DENVER (CBS4) – Murals across Colorado capture the character of a community and its heritage with roots to the Mexican Renaissance. The artists who created works around the city worked with and were inspired by some of the greatest muralists of Mexico but decades later, the Chicano/a Murals of Colorado Project is fighting to preserve and protect this art.
“The meaning of these murals and what they mean to our community, how important they are, they represent our identity,” said Lucha Martinez de Luna, the director of the project and an associate curator at History Colorado. “With gentrification, a lot of people are leaving these communities and being forced out. It means there is no connection.”
Her father was a pioneer of the mural movement in Colorado, studying under Siqueiros in Mexico. Known as one of “The Big Three” or “Los Tres Grandes” of Mexican murals; Siqueiros, Diego Rivera, and Jose Clemente Orozco are just some of the artists celebrated in the current exhibition at the Denver Art Museum, Mexican Modernism. The show helps to highlight the style and culture that can still be seen in the public walls around Denver almost a century later.
“These artists not only have great talent, they have a story to tell and a message and a need to tell that message,” said Becky Hart, the Vicki and Kent Logan Curator of Modern and Contemporary Art at the museum.
Martinez de Luna said while murals were always under threat, the loss of this type of art in the last 10 to 15 years has increased significantly along with rapid development in the metro area. Murals fade on their own and need attention, but the artists responsible for the Chicano/a art are still alive and can restore their work.
“The act of actually painting over a mural is essentially to me equivalent of cultural erasure,” she told CBS4 on a video conference call. “You’re erasing a culture, a heritage, from a landscape, from an urban landscape and that cannot be retrieved.”
Gentrification is a new challenge because the murals are located in historically marginalized communities that are now desirable neighborhoods. She explains that the people who have the greatest connection to the murals have moved away and the new residents and developers do not have the same attachment.
“Seeing art, but seeing our faces in the art, that was so symbolic, especially when marginalized communities that are often kind of pushed aside, their history is not considered relevant to the larger story,” Martinez de Luna said on Thursday.
The need to teach that history that is not covered in the classroom has motivated her to bring more awareness with the project and promote new murals in these same neighborhoods. It’s a culture that captures the origins of the Spanish empire and the indigenous influence in the Americas that can be found Colorado. These walls serve as a public textbook in community spaces that are accessible to all.

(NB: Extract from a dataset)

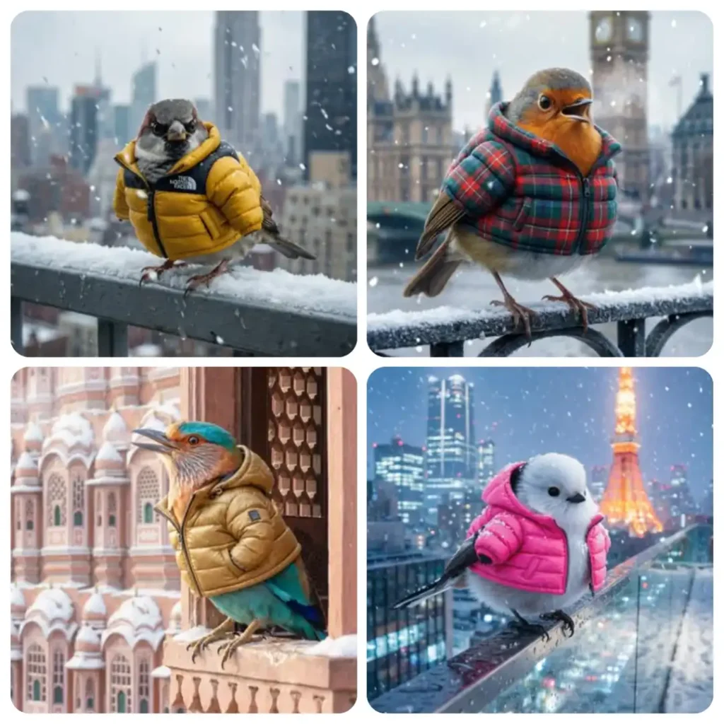 Shot 4: expressive shot with beak slightly open, wearing a mustard-yellow cardigan, refined head structure, cinematic lighting.​

“For youth, that is a very strong message. You’re basically telling the youth ‘You’re not important to us, you don’t matter,'” she said. “And when you don’t see your faces in museums, or in galleries, or in history museums, you begin to wonder, “Where do we belong in this big picture?'”
Current murals tend to be temporary and an attempt to attract tourism, contrasting with the influential role they played as permanent walls giving communities a sense of place. Murals not only talked about suppressed history but also inspired a new republic in Mexico during the 1920s. The country was reconnecting to its past and joining the modern world.
The Denver Art Museum exhibition shows examples of the murals that accomplished these values in Mexico and the process to create them. Hart says that activist spirit lives on in the murals around Denver and capture the Colorado experience utilizing large, open spaces.
“It represents that community to itself, and it teaches the community, and at the same time it represents the community to others,” she said Wednesday on a video conference call.
The Chicano/a murals have a specific and unique aesthetic that could be lost and the opportunity for new artists to continue that tradition is limited. But the Denver Art Museum and other organizations are commissioning new works. There will also be a civil rights memorial at La Alma Park featuring younger and older muralists. The ongoing mission to keep murals will need to be a team effort between artists and the community.
“They told the youth, they told our community, ‘Yes, you are important, you have history, and it’s here,'” Martinez de Luna said.